We have shown that adaptive introgression was necessary for the successful dissemination and adaptation of the common bean in Europe. We combined genome resequencing, metabolomics, classical phenotyping and data analysis for chromosome-level genetic assignment and environmental association. Our data indicate that the Andean genepool was the first to be successfully introduced in Europe, most likely from Francisco Pizarro’s expedition to northern Peru in 1529. Most of the Andean genetic background of the European common bean was contributed by the A1/Nueva Granada and A3/Chile races after secondary domestication, whereas the more photoperiod-sensitive A2/Peru race contributed little to European common bean germplasm. The secondary domestication of these Andean races, related to the latitudinal expansion of the cultivation areas from the Andean centres of origin, facilitated the successful dissemination of the Andean common bean in the Old World. However, we propose that the adaptive introgression observed in Europe for individuals mainly belonging to the M1/Durango-Jalisco race was an important event that underpinned the successful dissemination of this Mesoamerican ancestry in Europe. Indeed, genomic analysis indicated that Andean genotypes were rapidly disseminated, whereas Mesoamerican genotypes were eventually disseminated in Europe following introgression from the Andean types. In addition to the flowering time data gathered from the European and American accessions, we also identified clear signatures of selection in common bean orthologues of genes representing the major flowering pathway and environmental adaptations, such as the OTU5 gene involved in the inorganic phosphate starvation response. These are interesting candidate loci for further validation. Finally, we propose that the dissemination of common bean accessions in Europe may have been influenced by political factors and constraints in the 16th century, including the interaction between political and religious powers in Western Europe and the subdivision of the European continent into Islamic and Christian countries.

Methods

Plant materials

Original seeds for 218 common bean accessions (P. vulgaris) were collected from international gene banks or individual institutional collections. We produced 199 single seed descent (SSD) lines by performing at least three cycles of self-fertilisation. For the remaining 19 accessions, one seed per accession was sampled directly from original seeds provided by the donor.
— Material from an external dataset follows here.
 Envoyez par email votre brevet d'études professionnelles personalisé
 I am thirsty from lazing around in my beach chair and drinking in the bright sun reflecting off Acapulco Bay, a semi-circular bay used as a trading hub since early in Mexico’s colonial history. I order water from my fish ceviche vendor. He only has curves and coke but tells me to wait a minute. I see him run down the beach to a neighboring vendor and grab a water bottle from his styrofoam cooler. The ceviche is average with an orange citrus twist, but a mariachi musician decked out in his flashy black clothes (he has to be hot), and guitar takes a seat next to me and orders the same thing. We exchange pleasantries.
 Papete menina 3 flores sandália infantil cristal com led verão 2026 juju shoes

Experimental design and phenotyping

Plants were grown across 10 different environments in fields and greenhouses, applying long-day (7), short-day (2) and intermediate photoperiod conditions. During the summers of 2016 and 2017, four field trials were carried out in Italy (Villa d’Agri, Marsicovetere, Potenza) and in Germany (Gatersleben IPK). Six additional greenhouse experiments were performed under controlled conditions in Golm (Potsdam, Germany), Potenza (Italy) and Villaviciosa (Spain) during 2016, 2017 and 2018 (Supplementary Note 3 and 4).
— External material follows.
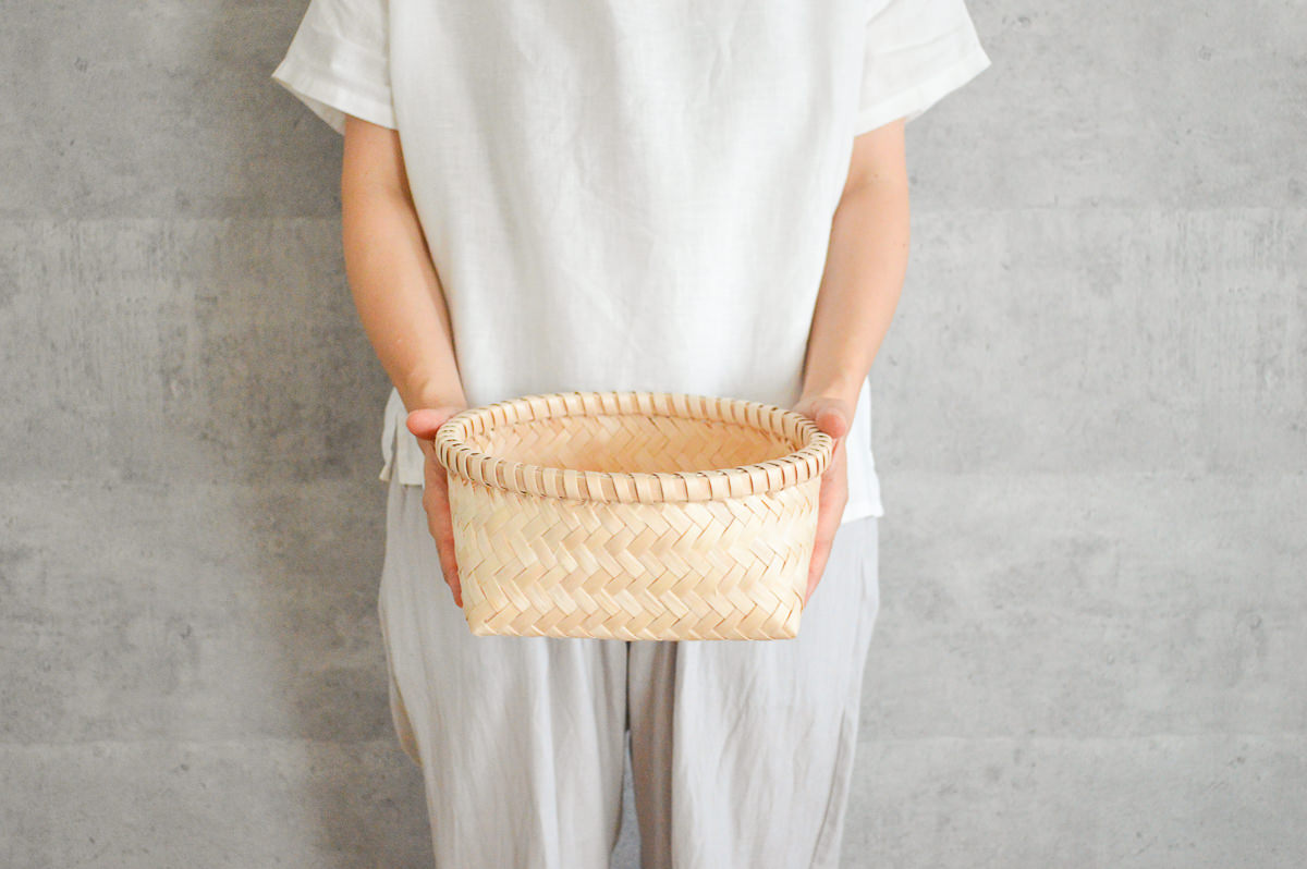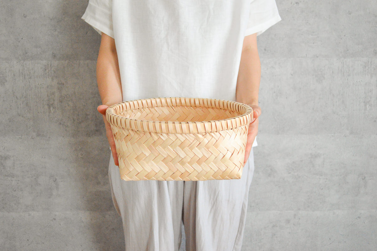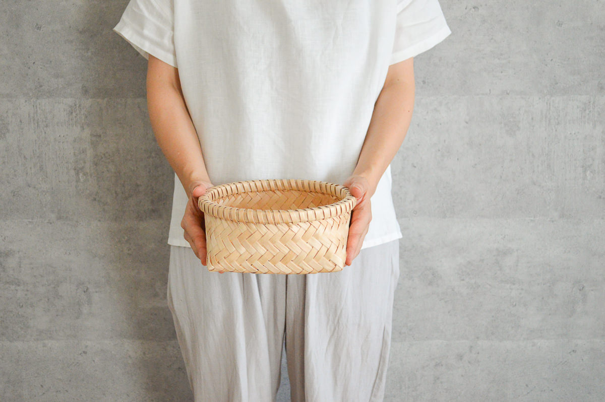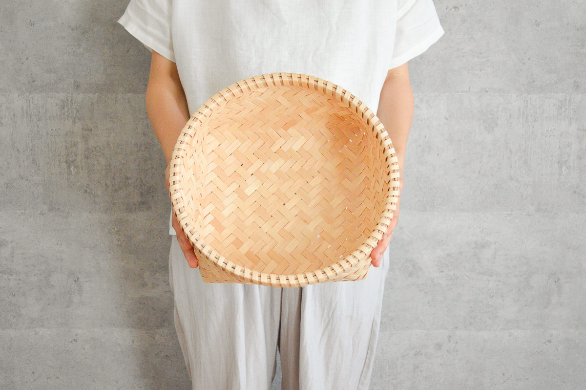 こちらはそのイタヤカエデで作られた丸かごです。

Classical phenotyping was carried out on the 199 SSD lines, focusing on two main traits: days to flowering (DTF), defined as the number of days from sowing until 50% of plants showed at least one open flower; and growth habit (GH), defined as determinacy vs indeterminacy on a single plant basis. Photoperiod sensitivity (PS) was calculated as the ratio between DTF in long-day and short-day experiments.

Descriptive statistics were calculated for the different phenotypic traits using R (https://cran.r-project.org/) or JMP 7.0.051. The restricted maximum likelihood (REML) model implemented in JMP 7.00 was used to calculate least square means (LSM) and the best linear unbiased predictors (BLUPs) of each genotype. The REML model was also used to calculate the broad-sense heritability (h2B) for each quantitative trait by considering genotypes and environments as random effects. The distribution of DTF in each environment and Pearson’s pairwise correlation between environments were calculated using the corrplot and PerformanceAnalytics R packages52,53.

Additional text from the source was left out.